◆ Records supplied ◆
════════════════
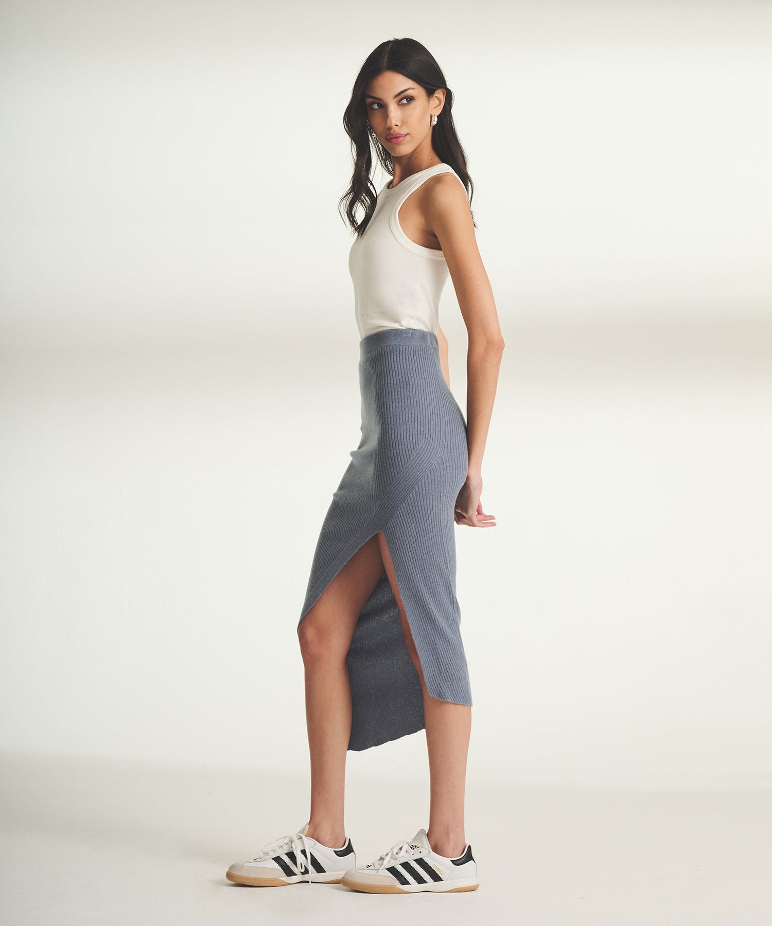 Urban asymmetry. A wool-cashmere asymmetrical ribbed skirt that introduces architectural lines to your wardrobe. 70% wool and 30% cashmere create a piece both classic and contemporary.
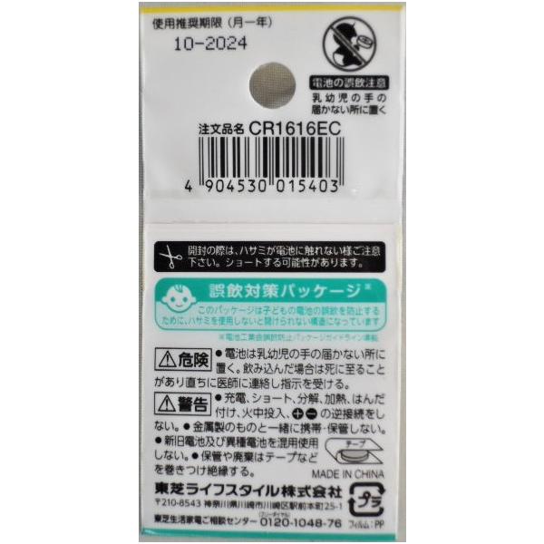 東芝ライフスタイル(株) 製品番 CR1616EC水銀O使用 リチウムコイン電池 誤飲対策パッケージ
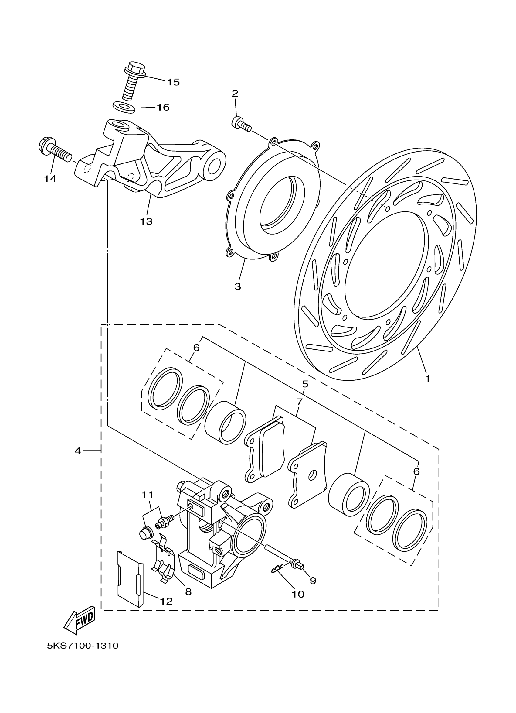 Yamaha XVS1100ANC (V-STAR 1100 CLASSIC CA) 5KS8 2001 REAR BRAKE CALIPER Diagram
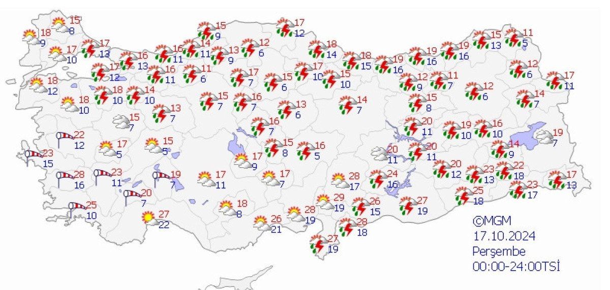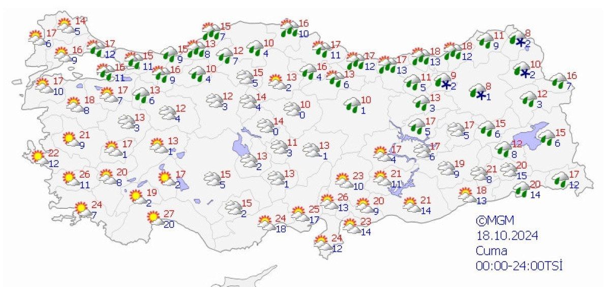 MGM’nin son değerlendirmesine göre 17 Ekim’den itibaren hava sıcaklıkları kuzey ve batı kesimlerinden başlamak üzere ülke genelinde hissedilir derecede (6 ila 12 derece) azalacak ve mevsim normallerinin altına inecek.
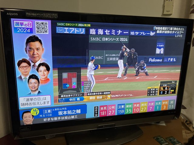 : 在報導期間,畫面會一邊轉播開票、一邊轉播球賽
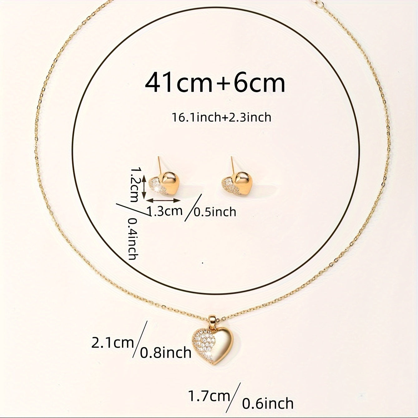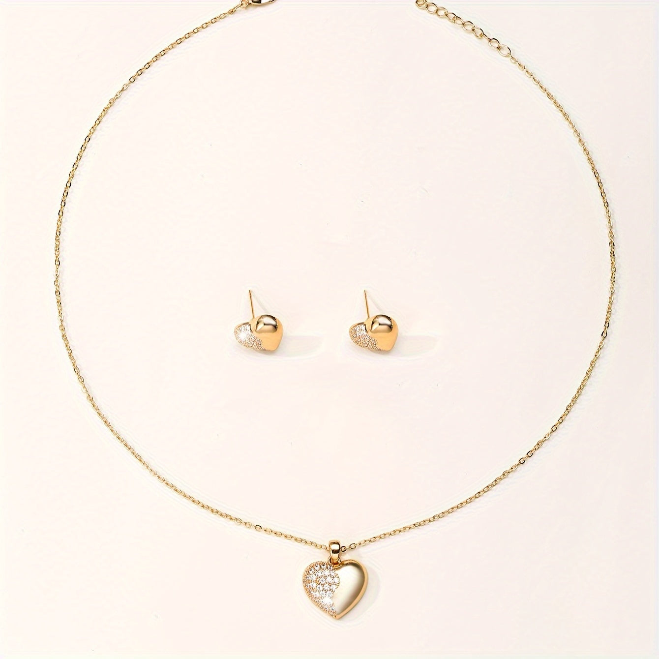 Add a touch of elegance to your daily outfits or party look with this stunning jewelry set. The set includes heart paved zirconia stud earrings and necklace, perfect for any occasion.
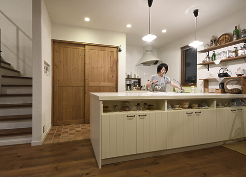 キッチンカウンターは奥様の身長に合わせたオーダーメイド。「収納力も豊富で食器もスッキリと納まります。また冷蔵庫も見えないよう部屋の雰囲気に合わせ扉をつけました。設計士さんが女性ならではの目線で色々な提案をしてくださいました」と奥様。
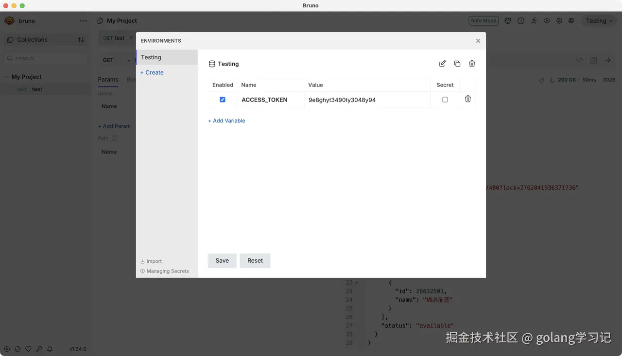 开发、测试、生产环境切换是刚需。Bruno 提供内置环境管理:
════════════════
◆ The task ◆
Skip all pictures. Then give again, exactly, each line from the line holding "キッチンカウンターは奥様の身" through the last line of the listing above, both ends included.

◆ Answer box ◆
 キッチンカウンターは奥様の身長に合わせたオーダーメイド。「収納力も豊富で食器もスッキリと納まります。また冷蔵庫も見えないよう部屋の雰囲気に合わせ扉をつけました。設計士さんが女性ならではの目線で色々な提案をしてくださいました」と奥様。
 开发、测试、生产环境切换是刚需。Bruno 提供内置环境管理:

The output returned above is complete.